▼

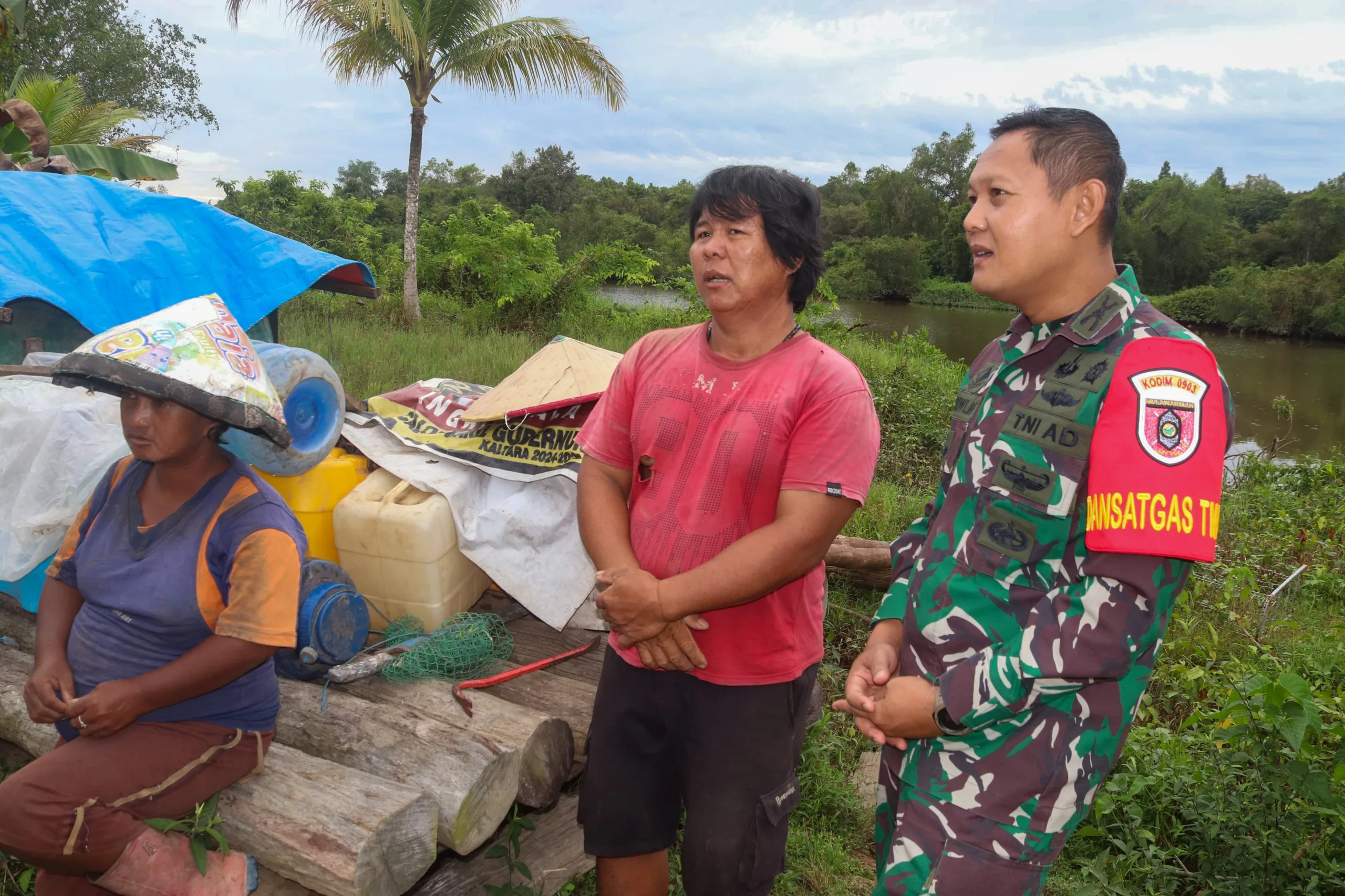 Letkol Inf Dhuwi Hendradjaja, S.Sos., M.I.Pol., Dansatgas TMMD ke-127 Kodim 0903/Bulungan turun langsung menemui pemilik Rumah Tidak Layak Huni (RTLH) 4, Bapak Binjamin, di RT 16 Betiang, Desa Salimbatu, Kecamatan Tanjung Palas Tengah, Kabupaten Bulungan, Jumat (27/02).
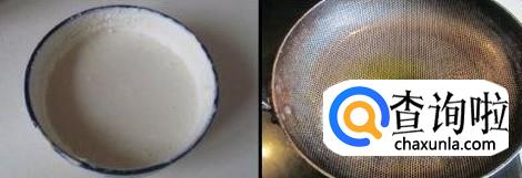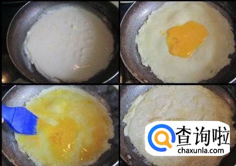 再将锅烧热,放入油烧开,倒入面粉糊摊成面皮, 面皮定型后, 在上面倒入适量的鸡蛋,用刷子将蛋液在面皮上刷上一层,将面皮翻面, 再沿着面皮边缘加入适量的油;
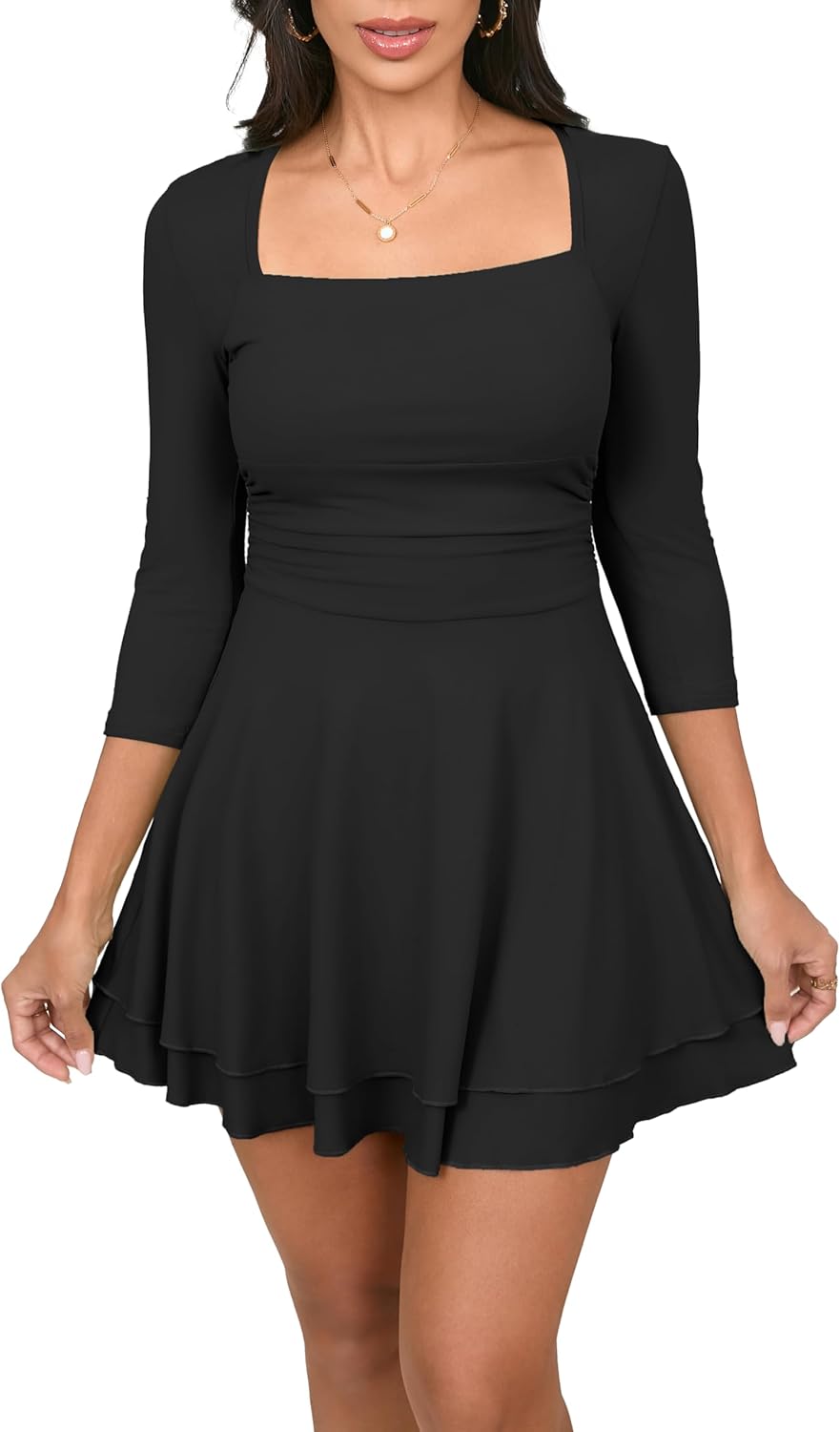 INR Women's High Elasticity Mini Dress Square Sexy Dresses Corset Waist with Ruffle Hem Skirts

▲

Every line above needs to be written out again as it stands. Pictures do not belong in the copy.

- **YOUR SOLUTION**:
 Letkol Inf Dhuwi Hendradjaja, S.Sos., M.I.Pol., Dansatgas TMMD ke-127 Kodim 0903/Bulungan turun langsung menemui pemilik Rumah Tidak Layak Huni (RTLH) 4, Bapak Binjamin, di RT 16 Betiang, Desa Salimbatu, Kecamatan Tanjung Palas Tengah, Kabupaten Bulungan, Jumat (27/02).
 再将锅烧热,放入油烧开,倒入面粉糊摊成面皮, 面皮定型后, 在上面倒入适量的鸡蛋,用刷子将蛋液在面皮上刷上一层,将面皮翻面, 再沿着面皮边缘加入适量的油;
 INR Women's High Elasticity Mini Dress Square Sexy Dresses Corset Waist with Ruffle Hem Skirts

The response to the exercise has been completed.